The fact that an Anglo-Scandanavian army at hastngs could stand for a day 
against mass cavalry charges (the like of which shocked both byzantine and 
arab armies into submission within a generation) gives a good indication of 
the level of discipline and courage that was attainable.  Please remember 
that it takes a good degree of training for someone to put thier life in 
peril just because someone has given an order.  As we have found out on 
numerous occasions, it only takes one man to flee or fall for a shieldwall 
to break.  There is also an evolutionary principle at work.  Those armies 
that are well organised will survive, those who are not will fall.

It is interesting to note that Vegitius, writer of the first manual for the 
Roman army was written in the c4th - at a time when the Roman army relied 
heavily on Germannic mecenaries.  One formation he describes, a flying 
wedge, we meet in Saxo Grammaticus, a c12th historian, describing "Viking" 
tactics.  This does not prove that the Vikings carried on a tradition of 
warfare dating back to the Romans - Saxo might have read Vegitius, or one of 
the contemporary commanders might have.  But the formations described are 
complex enough to let us know that in the C12th it was thought that their 
recent ancestors fought in a organised, disciplined fashion.

Another pointer is the ships that they fought in.  The Skuldev 2 wreck, the 
largest so far reconstructed (although not the largest found) has 33 pairs 
of oars.  Each rowing bench is about a yard from the one in front or behind. 
  What this means is that you have to row exactly in time with the people 
around you, otherwise you are not rowing at all.  Discipline and teamwork 
are required normally - what this was like in battle conditions (and this 
was most definietly a warship) I can only imagine.

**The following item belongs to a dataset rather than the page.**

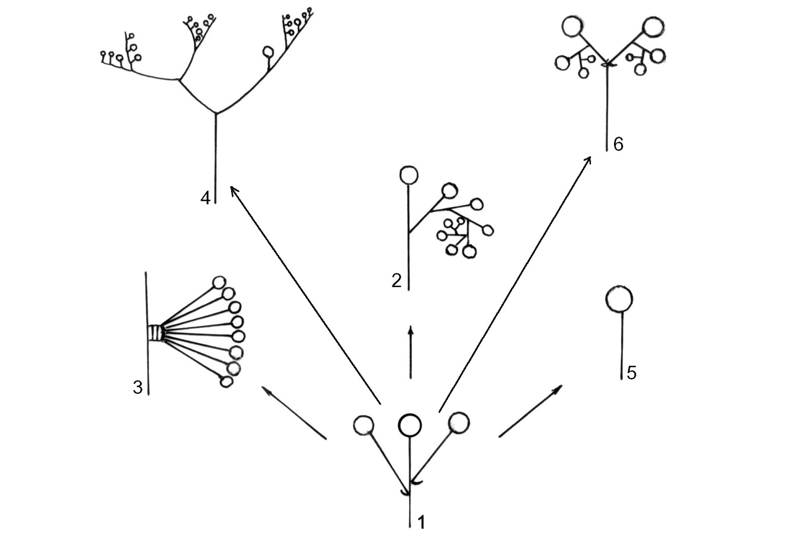 1. xim hai ngả đơn; 2. xim bọ cạp đơn; 3. xim bó; 4. xim hai ngả kép của xim bọ cạp; 5. hoa (mọc) đơn độc; 6. xim bọ cạp (kép) ghép cặp
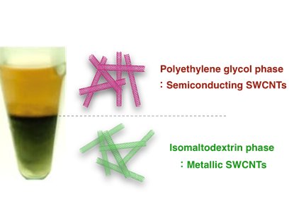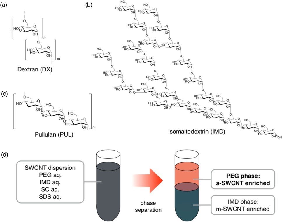 单壁碳纳米管(SWCNT)具有出色的电子和机械性能,使其成为广泛用于包括LCD显示器中的薄膜晶体管在内的各种电子设备的理想选择。问题在于,只部分制造出的SWCNT适用于电子设备。有用的半导体型SWCNT必须与金属型SWCNT分开。但是,目前最有效的两相萃取净化方法需要使用成本较高的dextran多糖、/p>

Practical experimentation has shown that it does not take too much to take 
an army of beginners and train them to march and fight as a shieldwall in 
the heat of non lethal combat.  When the stakes were higher, I suspect that 
the training would have been tougher as well.

So to answer your question, no, I don't beleive that the formations shown 
are at all unlikely in the Viking age, and would most likely have been used 
- along with a few others that they appear to have missed out!